While that may be true, Muskoka does not have a lower per capital number of beds relative to other similar communities. MAHC currently has 96 beds (80 acute care beds and 16 complex continuing care beds) and the current future planning work proposes to increase the number of beds to a total of 157 by 2031.
Foundation donations are down 43%.
It is unclear where this information was sourced. The Huntsville Hospital Foundation indicates it is seeing steady growth year to year in fundraising. Unfortunately when comparing years, a $1 million donation in 2015 would make it appear that in subsequent years there has been a decline. The South Muskoka Hospital Foundation believes it is fair to say that major gift donors are hesitant to offer future financial support until the future planning direction is clear. The South Muskoka Hospital Foundation recently completed its successful Get Better capital campaign, and through this major gift approach many donors are at the end or have already completed their pledges.
This context is important to fairly and objectively compare year-end numbers.
The purpose of asking for a change to the LHIN boundary to the north is to justify the geographic centre of catchment area.
MAHC did not make the request for a LHIN boundary change. This recommendation came from the separate Muskoka and Area Health System Transformation work.
Why is it that Task Force meetings are not open to the public?
The format of the Task Force meetings ensures open dialogue where members are comfortable having frank discussion and exploring ideas and issues. This is not to be secretive, but is to avoid the risk of discussions being taken out of context and shared broadly leading to misinformation, or concepts that never come to fruition having to be explained and defended. It is not unlike municipal councils discussing things in a closed session until a decision point can be reached. A meeting summary is shared with media and posted on the MAHC website following each meeting.
Why was the March 1 public meeting held in Bracebridge?
The Task Force followed an approach that was not unique to consultation on regional matters in Muskoka.

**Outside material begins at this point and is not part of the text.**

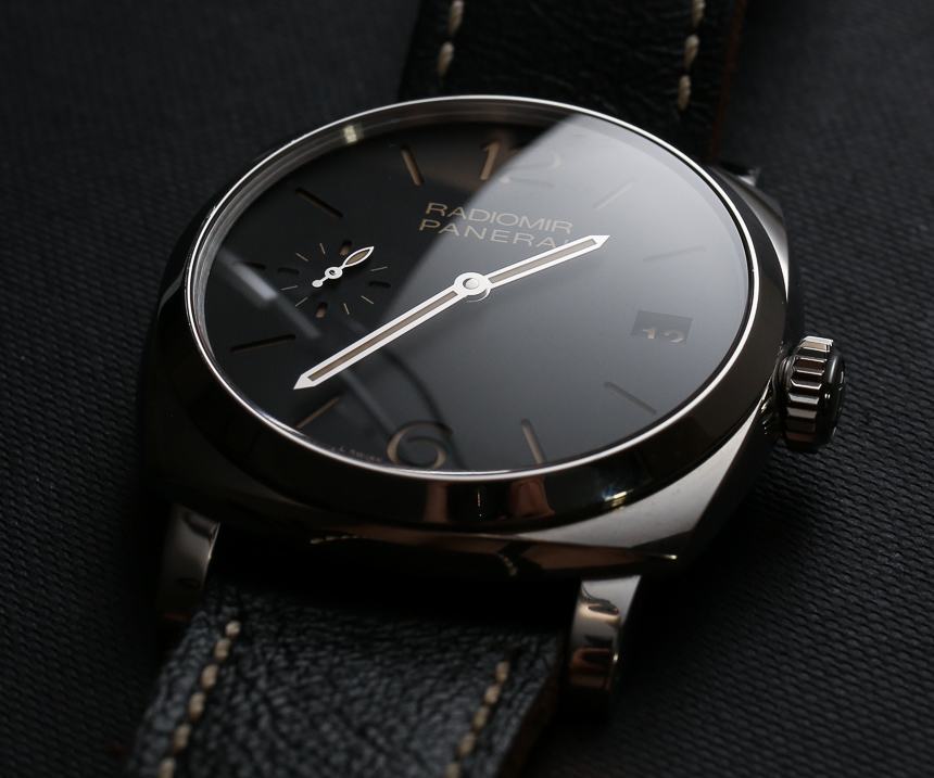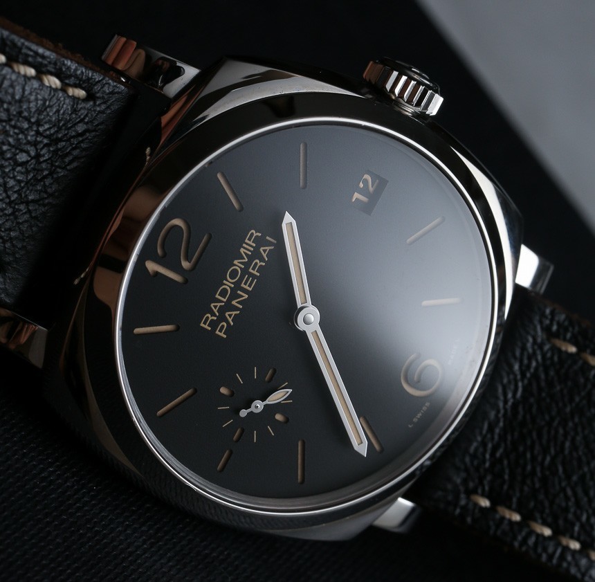 我通常不討論表冠,但在這種情況下我要提一下,因為沛納海做得特別好。擰開表冠,你會發現把柄很粗,摸起來很穩。這很難用語言來解釋,但我只想說我對皇冠感到驚喜。表殼防水深度達 100 米,表盤上方是藍寶石水晶。

The District Council Chambers venue was offered the capability of live streaming. It was unfortunate there were technical issues that evening, but YourTV has generously made their coverage available on their website at www.your.tv/Muskoka until March 31, 2018. Written submissions were also invited so there was no barrier to providing comment. Focus groups are also being used to achieve stakeholder input.
Health Hubs should not operate only during normal business hours.
Health Hubs do not fall under MAHC’s operation. They are under the accountability of the family health teams, and as a result we are unable to comment on when they should be in operation.